# [Dataset content]
**********

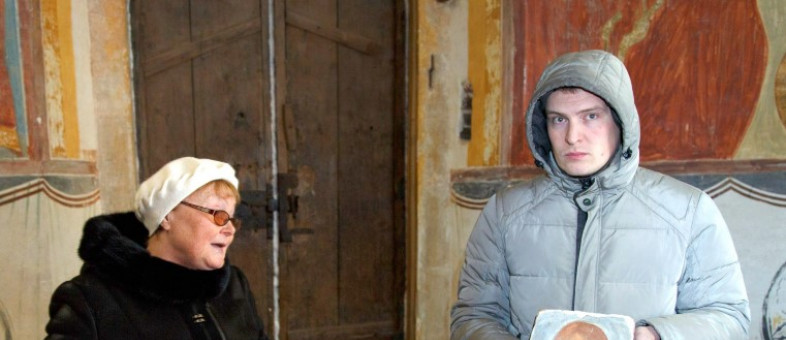 Гости и сотрудники музея посмотрели отрывок из фильма «Хранители» вологодского режиссера и искусствоведа Е.Б. Савиной. На кинохронике запечатлены моменты, ставшие историей: вручение сертификата ЮНЕСКО Г.О. Ивановой (директору Кирилло-Белозерского музея) и М.С. Серебряковой (директору Музея фресок Дионисия), интервью с автором методики консервации стенописи О.В. Лелековой, записанное в период работ в Ферапонтовом монастыре.
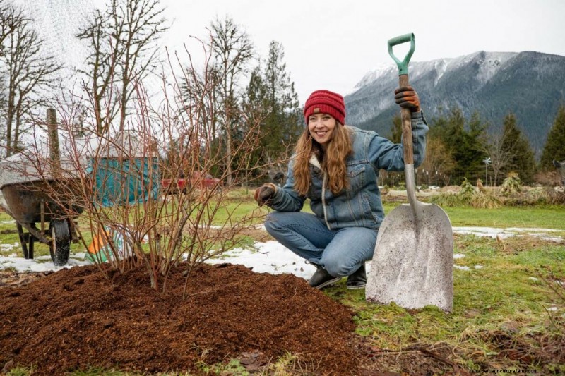 Because the fungus that causes mummy berry disease actually comes from a tiny mushroom that grows during the first part of spring (and develops where the mummified berry falls), we need to prevent these mushrooms from growing at all.
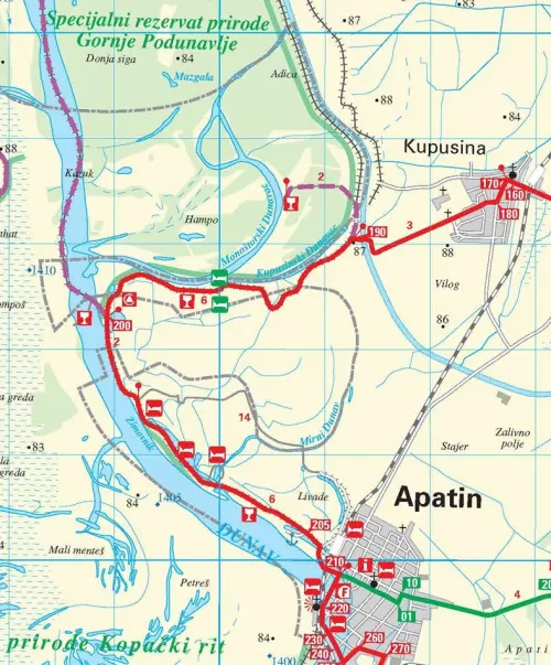 Natürlich finden Sie auch weitere nützliche Informationen entlang der Route wie zum Beispiel Übernachtungsmöglichkeiten, Sehenswürdigkeiten, Fahrradreparaturwerkstätten oder Stadtplanausschnitte größerer Orte.

**********

Retype the whole listing word for word. Skip the pictures.

 Гости и сотрудники музея посмотрели отрывок из фильма «Хранители» вологодского режиссера и искусствоведа Е.Б. Савиной. На кинохронике запечатлены моменты, ставшие историей: вручение сертификата ЮНЕСКО Г.О. Ивановой (директору Кирилло-Белозерского музея) и М.С. Серебряковой (директору Музея фресок Дионисия), интервью с автором методики консервации стенописи О.В. Лелековой, записанное в период работ в Ферапонтовом монастыре.
 Because the fungus that causes mummy berry disease actually comes from a tiny mushroom that grows during the first part of spring (and develops where the mummified berry falls), we need to prevent these mushrooms from growing at all.
 Natürlich finden Sie auch weitere nützliche Informationen entlang der Route wie zum Beispiel Übernachtungsmöglichkeiten, Sehenswürdigkeiten, Fahrradreparaturwerkstätten oder Stadtplanausschnitte größerer Orte.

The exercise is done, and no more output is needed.